▶ _WORK TO BE COMPLETED_: Among the entries below, copy only the span from the line containing "绿背金鸠体长约25厘米,是中" through the line containing "自2021年1月,活動征稿啟". Do so exactly, and skip the pictures.

------------------------

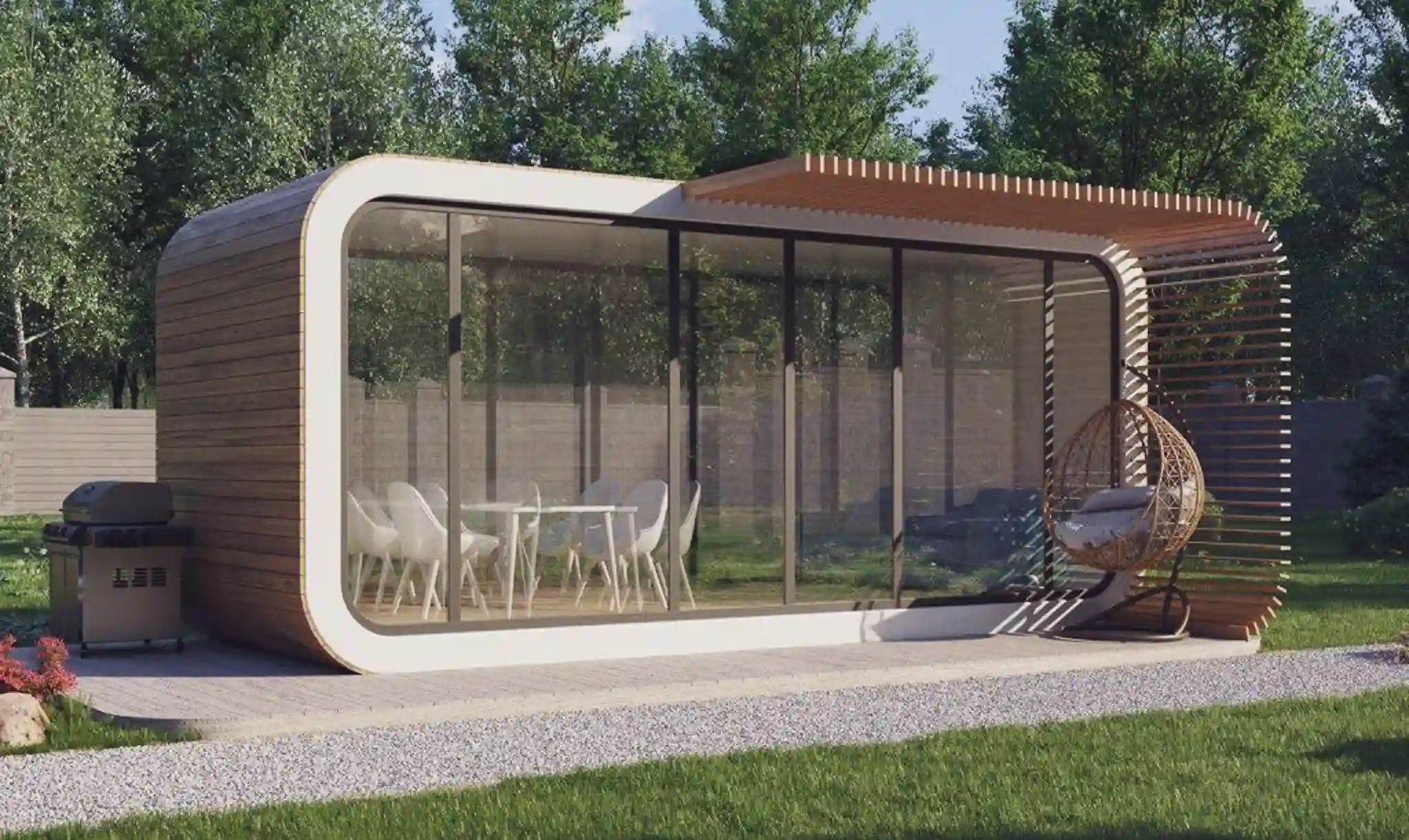 The exterior wood finish adds warmth and charm, making the "California" model an ideal choice for those who appreciate comfort and style in every aspect of their living space.
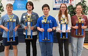 Individual winners in the South Georgia State College High School Mathematics Tournament were (L-R) Luke Carter (first place; Brantley), Noah Cook (second place; Ware), Cody Page (third place; Ware), Addy Cantrell (fourth place; Pierce), and Cadee Raulerson (fifth place; Pierce).
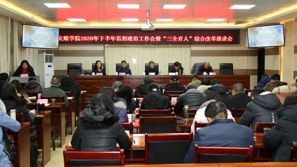 2020年12月30日上午,安顺学院召开2020年下半年思想政治工作会暨“三全育人”综合改革推进会,坚持为党育人、为国育才的初心使命,落实立德树人的根本任务,进一步对照中共中央、国务院《关于加强和改进新形势下高校思想政治工作的意见》提出的坚持全员全过程全方位育人(简称“三全育人”)的要求,总结前一阶段进展、部署下一阶段工作,形成共识,为“十四五”期间构建有安顺学院特色的思想政治工作体系、形成更高水平的人才培养体系奠定坚实基础。
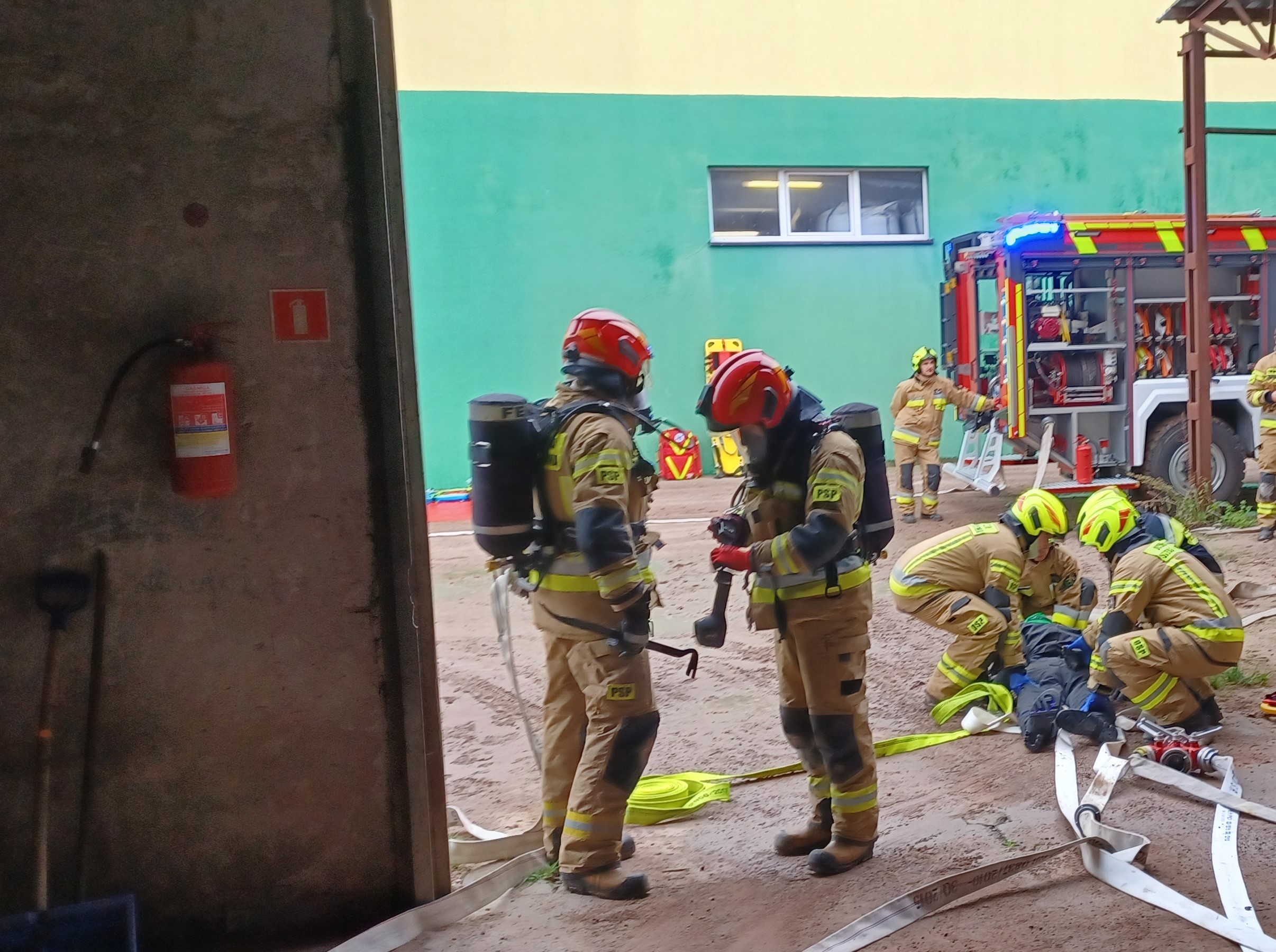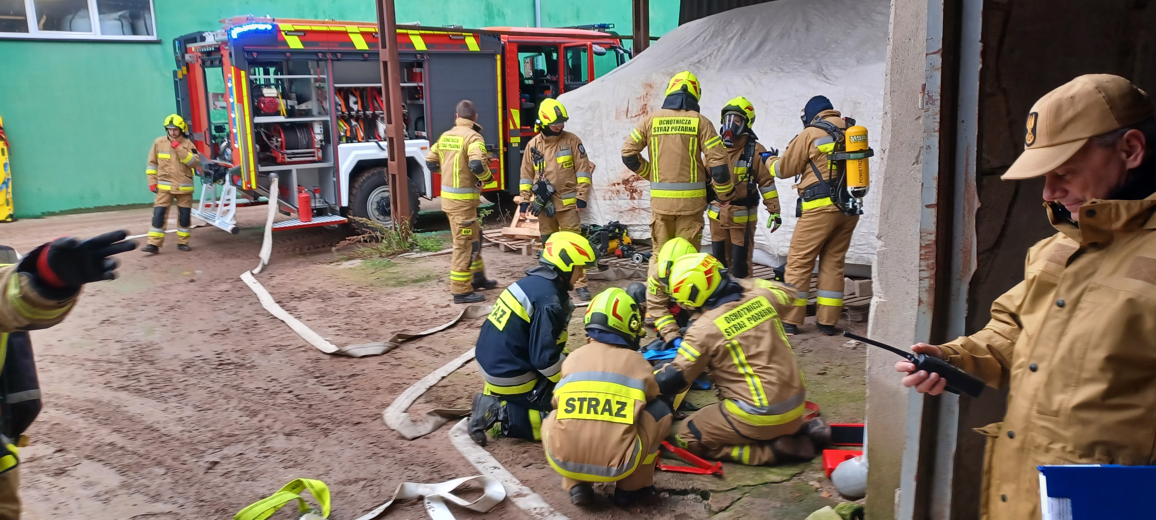 - zweryfikowanie wytypowanych do ćwiczeń zastępów PSP i OSP pod względem gotowości operacyjnej i zrealizowanie założenia taktycznego w zakresie gaszenia pożarów w obiektach magazynowych, w których występują strefy zagrożenia wybuchem i udzielanie kpp poszkodowanym,
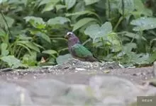 绿背金鸠体长约25厘米,是中等体型、尾甚短的地栖型斑鸠。下体粉红,头顶灰色,额白,腰灰,两翼具亮绿色。雌鸟头顶无灰色。飞行时背部两道黑色和白色的横纹清晰可见。主要栖息于2000米以下的山地森林中,…全部>>
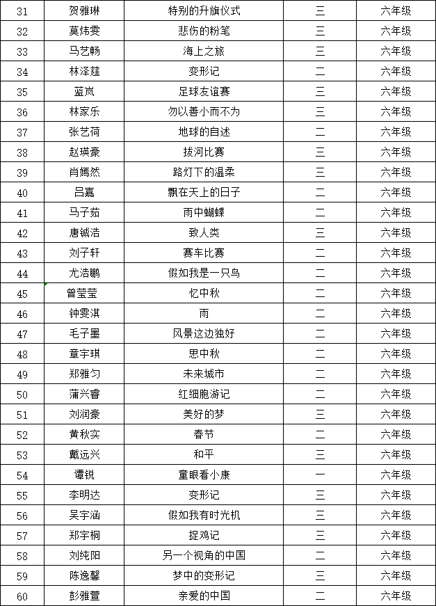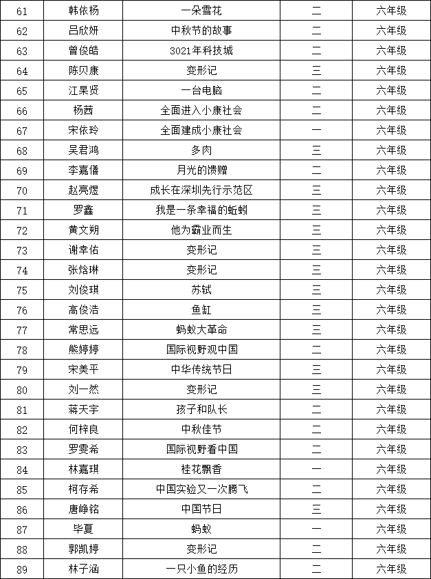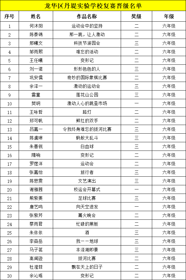自2021年1月,活動征稿啟動以來,獲得了深圳市廣大中小學生、教師、文學愛好者的熱烈響應(yīng)積極參與,吸引了深圳百余所學校的上萬人關(guān)注報名?,F(xiàn)公布龍華區(qū)丹堤實驗學校晉級復(fù)賽名單如下:
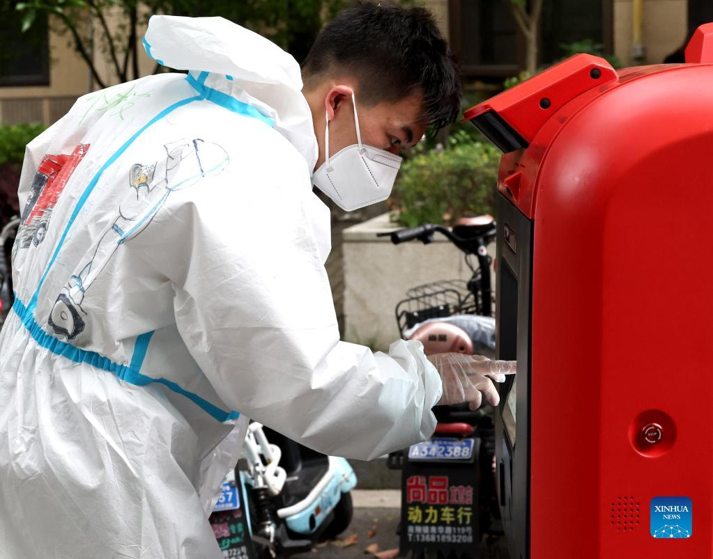A worker arranges packages on a shelf in a community of Jiading District, east China's Shanghai, April 25, 2022. Many communities in Shanghai have been using unmanned delivery vehicles to distribute supplies to residents amid challenges caused by the recent resurgence of COVID-19. (Xinhua/Chen Jianli)
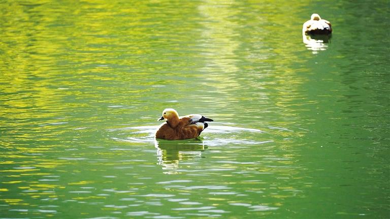 沿着蜿蜒的栈道,向湿地深处走去,清澈的湖水倒映着蓝天、白云,仿佛置身于梦幻般的境界。天空中不时有鸟儿飞过,水中的赤麻鸭自由自在地游来游去,赤麻鸭宝宝排成“一”字队形,紧随妈妈身后。这里不仅是鸟类栖息的天堂,也是摄影爱好者最佳的观鸟地。
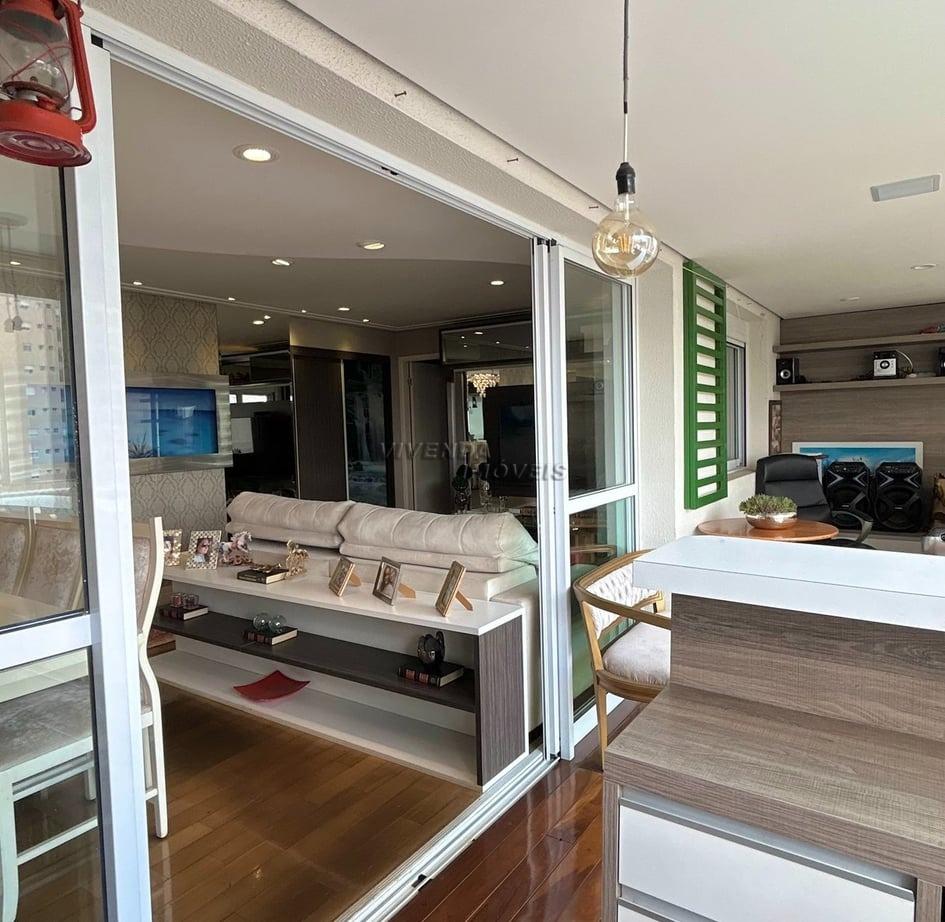 amplo e lindo living integralizado a um moderno e amplo espaço grill, com churrasqueira a carvão, fechamento em cortina de vidro, persianas e com linda vista panorâmica, livre e definitiva.

------------------------

▶ _EXPECTED ANSWER_:
 绿背金鸠体长约25厘米,是中等体型、尾甚短的地栖型斑鸠。下体粉红,头顶灰色,额白,腰灰,两翼具亮绿色。雌鸟头顶无灰色。飞行时背部两道黑色和白色的横纹清晰可见。主要栖息于2000米以下的山地森林中,…全部>>
自2021年1月,活動征稿啟動以來,獲得了深圳市廣大中小學生、教師、文學愛好者的熱烈響應(yīng)積極參與,吸引了深圳百余所學校的上萬人關(guān)注報名?,F(xiàn)公布龍華區(qū)丹堤實驗學校晉級復(fù)賽名單如下:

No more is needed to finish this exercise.